Many RBPs have been identified that regulate MAPT exon 10 splicing (Qian et al., 2011; D’Souza and Schellenberg, 2006; Kondo et al., 2004; Wang et al., 2004a; Gao et al., 2007; Ding et al., 2012; Broderick et al., 2004; Wang et al., 2010; Kar et al., 2006; Kar et al., 2011; Ray et al., 2011). To determine whether focusing on binding motifs for these proteins would improve model accuracy, we identified RBP sites based on previous data from high-throughput sequencing of bound RNAs (Dominguez et al., 2018; Ray et al., 2013) (Materials and methods). Unlike SRE motifs, there was no clear pattern or correlation between motif strength changes due to MAPT mutations and exon 10 PSI (Figure 4—figure supplement 2A, B). Model prediction accuracy was lower (R2=0.08, Figure 4—figure supplement 2C) than when predictions considered general SRE motifs. Thus, going forward, we chose to use SRE motifs for our combined models.

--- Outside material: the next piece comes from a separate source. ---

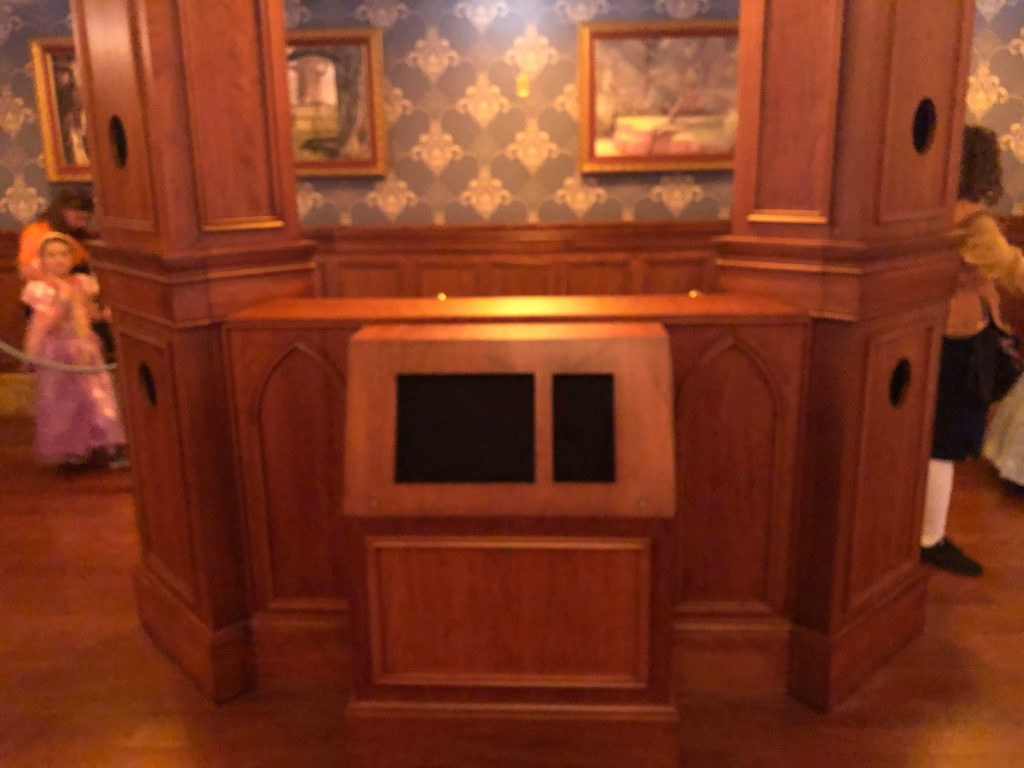 - The former open room with Cinderella and Elena now has columns awaiting the camera installation and what looks very much like a Disney PhotoPass kiosk in-between seen in the other automated locations.

Model with both RNA structure and SRE motif changes yields best prediction of exon 10 PSI

We next set out to determine if combining both structural and SRE features further improved prediction. Indeed, a combined interactive model consistently produced more accurate predictions of exon 10 PSI compared with a structure-only model and an SRE-only model for all mutation categories (R2=0.89; Figure 5A and B). An alternative additive model had lower prediction accuracy (R2=0.80) (Figure 5—figure supplement 1A), particularly for non-synonymous mutations (Figure 5—figure supplement 1B). This suggests that considering the category of mutation is critical in accurately modeling the effects on splicing.

Figure 5 with 1 supplement see all
Combining structure and splicing regulatory element (SRE) strength into a unified model best predicts exon 10 percent spliced in (PSI).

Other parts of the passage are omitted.